##### EXTRACTED ENTRIES #####

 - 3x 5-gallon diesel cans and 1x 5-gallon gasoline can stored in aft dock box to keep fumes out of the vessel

#####
##### EXTRACTED ENTRIES #####

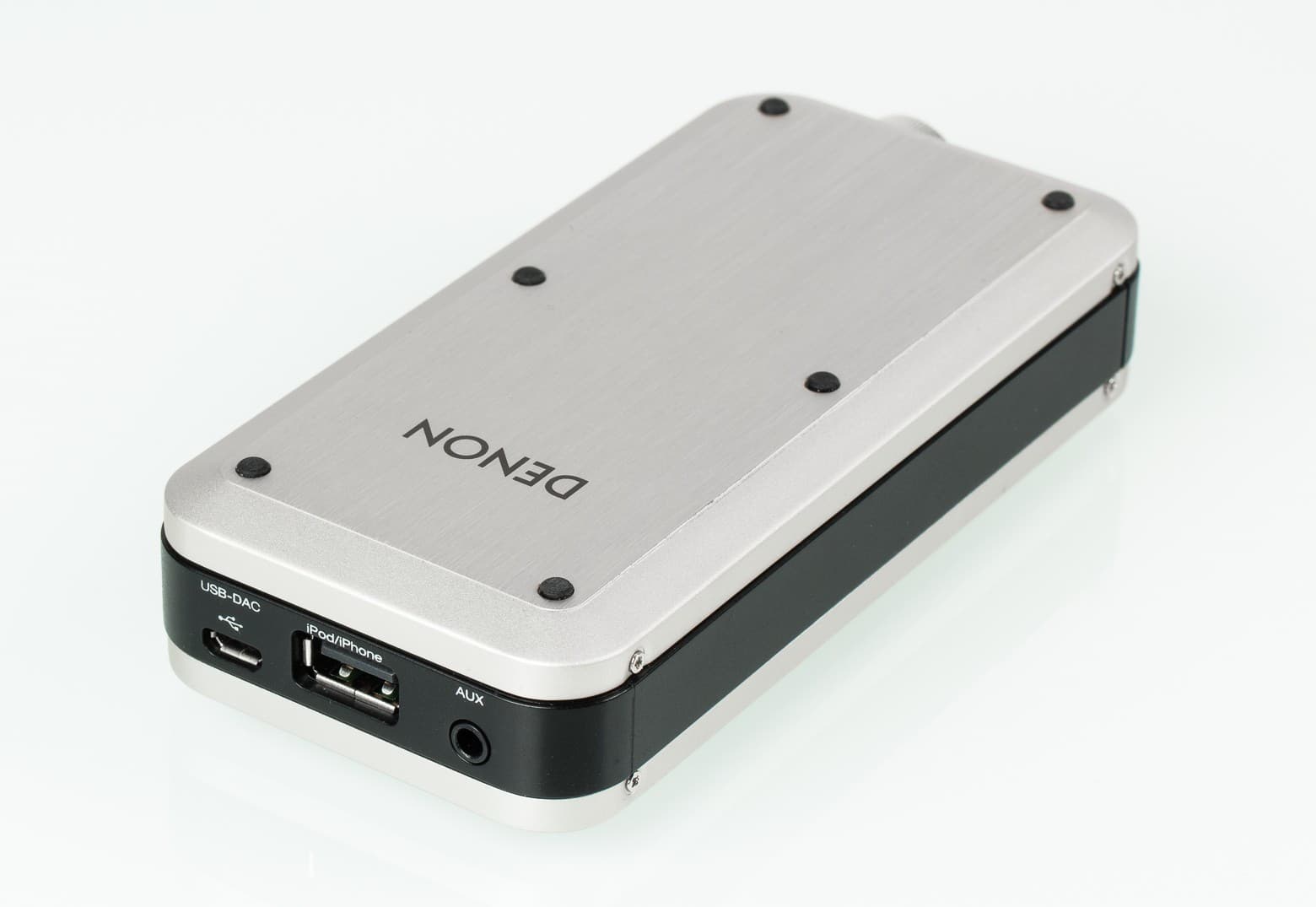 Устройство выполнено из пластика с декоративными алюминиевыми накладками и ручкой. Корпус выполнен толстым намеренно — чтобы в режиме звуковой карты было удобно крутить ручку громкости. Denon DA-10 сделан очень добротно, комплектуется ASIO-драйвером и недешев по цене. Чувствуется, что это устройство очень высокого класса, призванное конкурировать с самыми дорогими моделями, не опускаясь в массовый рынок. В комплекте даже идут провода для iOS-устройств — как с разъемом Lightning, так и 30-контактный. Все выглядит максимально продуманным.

#####
##### EXTRACTED ENTRIES #####

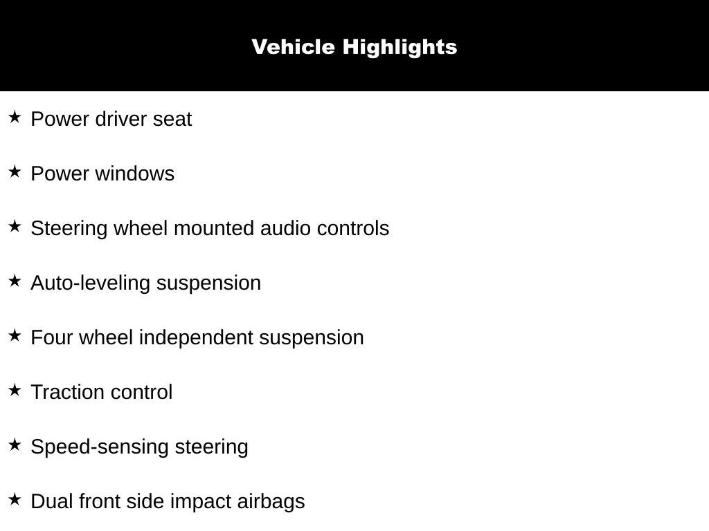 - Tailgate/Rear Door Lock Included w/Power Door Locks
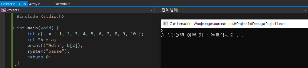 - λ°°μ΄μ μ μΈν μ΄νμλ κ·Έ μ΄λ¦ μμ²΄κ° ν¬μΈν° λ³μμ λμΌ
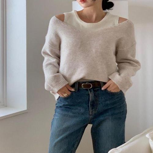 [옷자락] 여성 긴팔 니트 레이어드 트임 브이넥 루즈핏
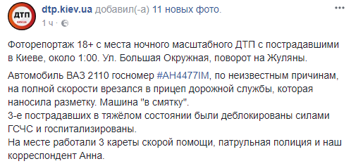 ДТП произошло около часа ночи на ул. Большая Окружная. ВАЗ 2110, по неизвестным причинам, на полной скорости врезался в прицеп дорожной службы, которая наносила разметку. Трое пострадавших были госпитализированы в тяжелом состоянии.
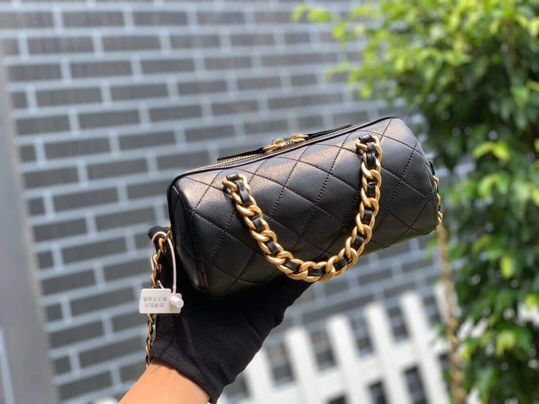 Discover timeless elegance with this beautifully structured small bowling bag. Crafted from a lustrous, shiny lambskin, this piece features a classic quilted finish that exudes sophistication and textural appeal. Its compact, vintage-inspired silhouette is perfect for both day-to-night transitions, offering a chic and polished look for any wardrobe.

#####

» **REQUIREMENT**: Beginning with the line above that contains "ДТП произошло около" and finishing with the line that contains "Discover timeless elegance", print those lines exactly and only. Skip all pictures.

» **YOUR RESPONSE**:
 ДТП произошло около часа ночи на ул. Большая Окружная. ВАЗ 2110, по неизвестным причинам, на полной скорости врезался в прицеп дорожной службы, которая наносила разметку. Трое пострадавших были госпитализированы в тяжелом состоянии.
 Discover timeless elegance with this beautifully structured small bowling bag. Crafted from a lustrous, shiny lambskin, this piece features a classic quilted finish that exudes sophistication and textural appeal. Its compact, vintage-inspired silhouette is perfect for both day-to-night transitions, offering a chic and polished look for any wardrobe.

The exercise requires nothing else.